MATERIAL SUPPLIED –
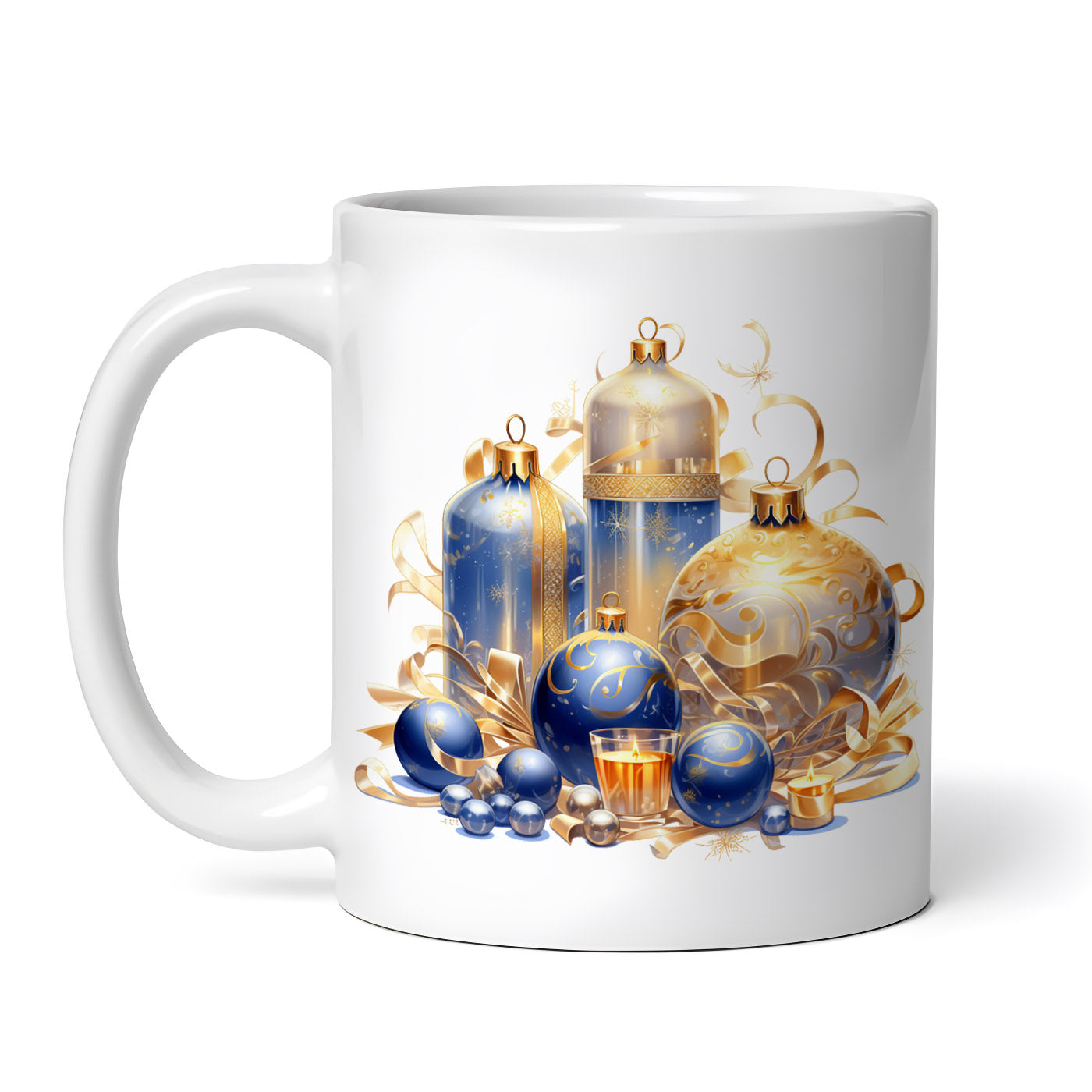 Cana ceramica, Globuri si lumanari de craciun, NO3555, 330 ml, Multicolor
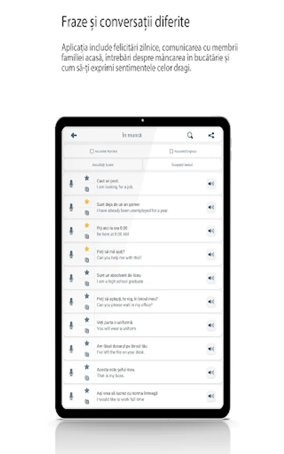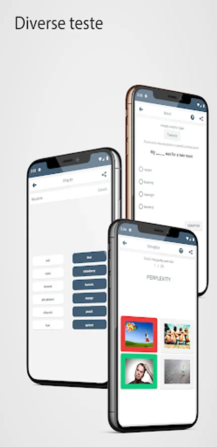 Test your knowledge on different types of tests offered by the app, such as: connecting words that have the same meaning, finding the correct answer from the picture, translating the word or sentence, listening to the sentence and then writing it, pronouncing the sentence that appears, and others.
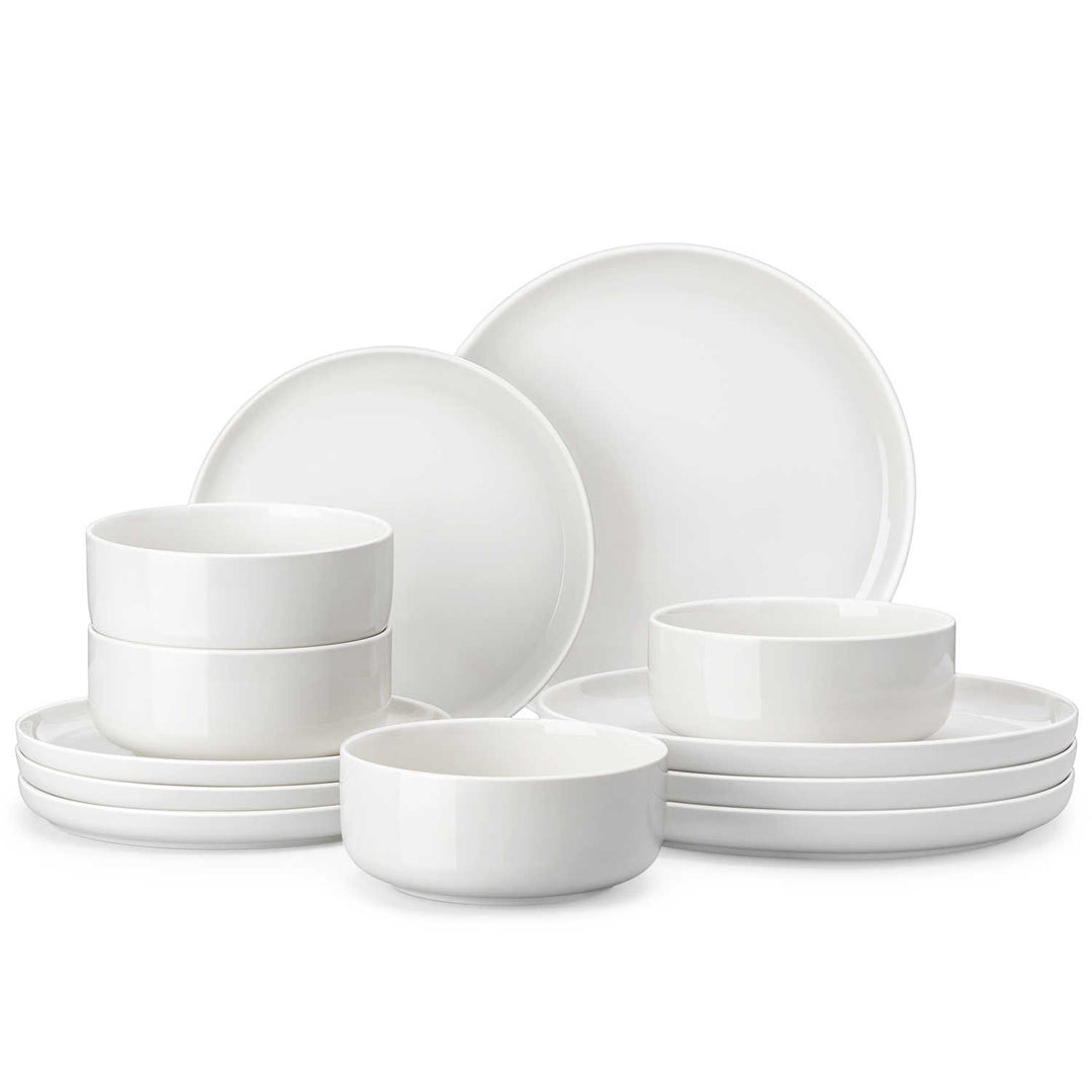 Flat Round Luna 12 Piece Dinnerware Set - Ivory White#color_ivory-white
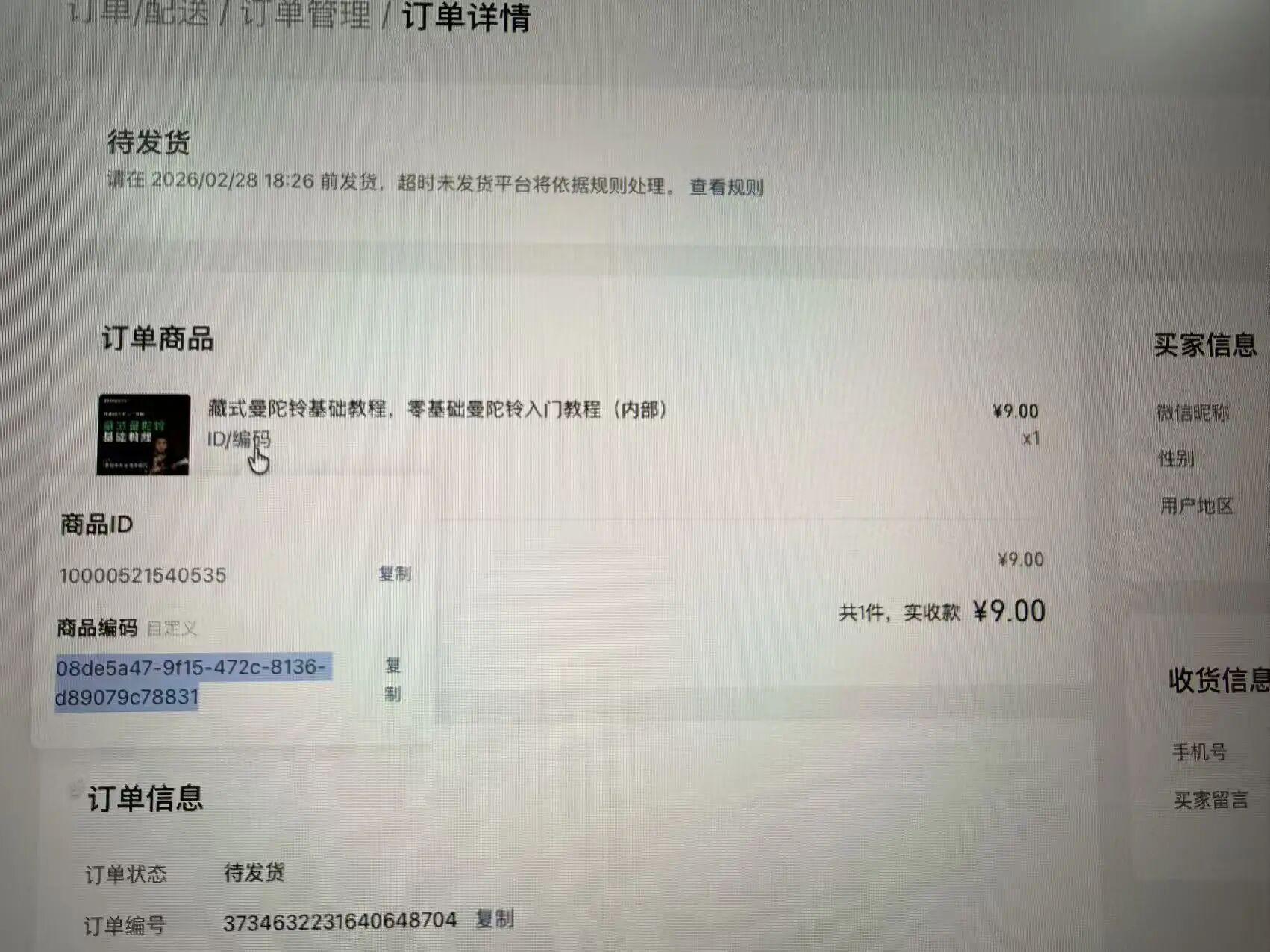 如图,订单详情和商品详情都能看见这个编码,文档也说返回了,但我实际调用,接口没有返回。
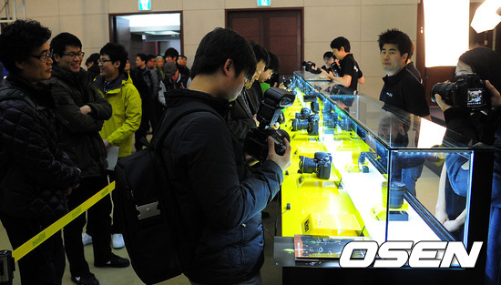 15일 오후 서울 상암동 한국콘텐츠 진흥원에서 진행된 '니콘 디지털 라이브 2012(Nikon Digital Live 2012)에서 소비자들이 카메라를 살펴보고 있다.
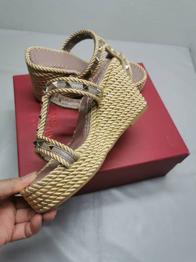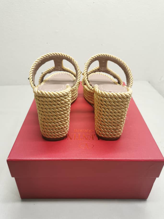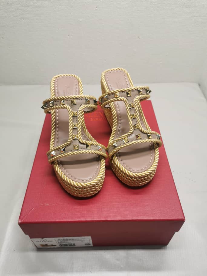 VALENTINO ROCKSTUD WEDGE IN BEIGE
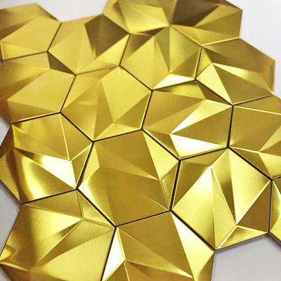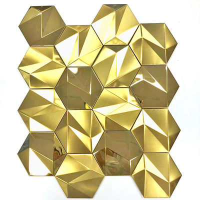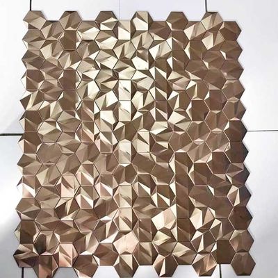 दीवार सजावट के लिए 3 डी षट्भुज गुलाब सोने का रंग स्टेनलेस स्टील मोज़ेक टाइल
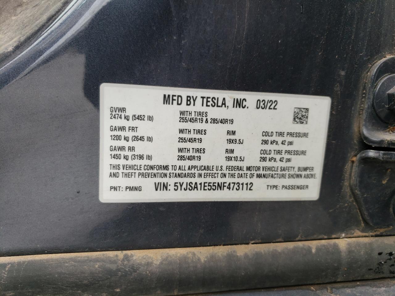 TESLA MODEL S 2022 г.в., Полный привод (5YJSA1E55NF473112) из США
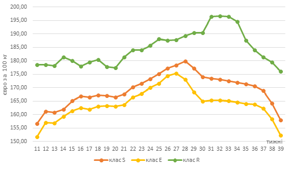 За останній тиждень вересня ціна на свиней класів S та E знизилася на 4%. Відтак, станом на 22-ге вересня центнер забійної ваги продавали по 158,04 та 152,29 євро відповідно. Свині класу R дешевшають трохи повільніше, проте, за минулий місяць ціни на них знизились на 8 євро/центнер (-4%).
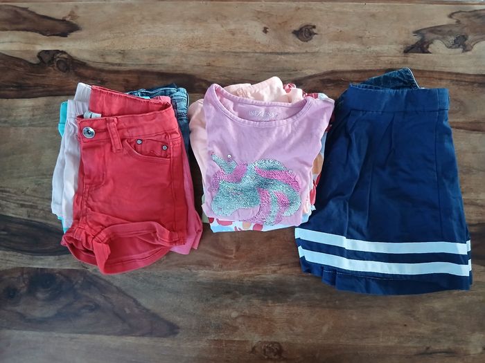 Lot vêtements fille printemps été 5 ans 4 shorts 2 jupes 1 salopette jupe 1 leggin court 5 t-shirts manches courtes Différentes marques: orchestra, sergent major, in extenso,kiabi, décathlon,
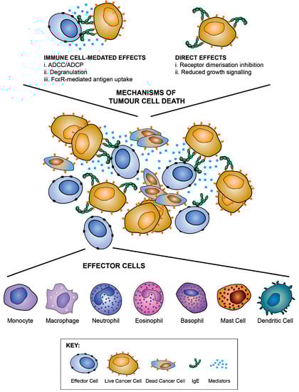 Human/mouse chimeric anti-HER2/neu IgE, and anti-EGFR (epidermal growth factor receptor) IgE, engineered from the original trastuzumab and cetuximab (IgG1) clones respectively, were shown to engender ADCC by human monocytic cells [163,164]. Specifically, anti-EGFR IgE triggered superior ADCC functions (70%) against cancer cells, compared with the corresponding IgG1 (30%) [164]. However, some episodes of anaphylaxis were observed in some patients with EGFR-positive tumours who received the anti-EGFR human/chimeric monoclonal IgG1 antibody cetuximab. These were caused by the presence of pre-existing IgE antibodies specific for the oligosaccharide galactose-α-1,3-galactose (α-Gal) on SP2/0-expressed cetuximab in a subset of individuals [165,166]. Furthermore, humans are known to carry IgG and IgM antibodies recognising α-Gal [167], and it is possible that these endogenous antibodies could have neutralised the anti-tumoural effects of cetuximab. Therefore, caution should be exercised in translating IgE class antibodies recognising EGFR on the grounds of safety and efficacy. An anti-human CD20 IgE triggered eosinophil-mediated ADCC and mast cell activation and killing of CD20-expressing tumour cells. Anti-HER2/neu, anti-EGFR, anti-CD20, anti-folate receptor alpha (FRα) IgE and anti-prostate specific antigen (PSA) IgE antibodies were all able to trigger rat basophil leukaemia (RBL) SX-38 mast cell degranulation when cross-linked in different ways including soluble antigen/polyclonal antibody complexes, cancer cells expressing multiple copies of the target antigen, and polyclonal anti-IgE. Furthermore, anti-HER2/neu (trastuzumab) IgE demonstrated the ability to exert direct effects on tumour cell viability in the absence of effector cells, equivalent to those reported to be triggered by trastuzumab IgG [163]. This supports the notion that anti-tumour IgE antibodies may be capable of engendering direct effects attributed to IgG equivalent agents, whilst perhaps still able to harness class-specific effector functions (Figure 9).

PROBLEM STATEMENT – Because only one stretch of the records is wanted, please output the lines from the one holding "VALENTINO ROCKSTUD WEDGE IN BEIGE" through the one holding "За останній тиждень" exactly, both included, and leave every picture out.

SOLUTION TO THIS PROBLEM –
 VALENTINO ROCKSTUD WEDGE IN BEIGE
 दीवार सजावट के लिए 3 डी षट्भुज गुलाब सोने का रंग स्टेनलेस स्टील मोज़ेक टाइल
 TESLA MODEL S 2022 г.в., Полный привод (5YJSA1E55NF473112) из США
 За останній тиждень вересня ціна на свиней класів S та E знизилася на 4%. Відтак, станом на 22-ге вересня центнер забійної ваги продавали по 158,04 та 152,29 євро відповідно. Свині класу R дешевшають трохи повільніше, проте, за минулий місяць ціни на них знизились на 8 євро/центнер (-4%).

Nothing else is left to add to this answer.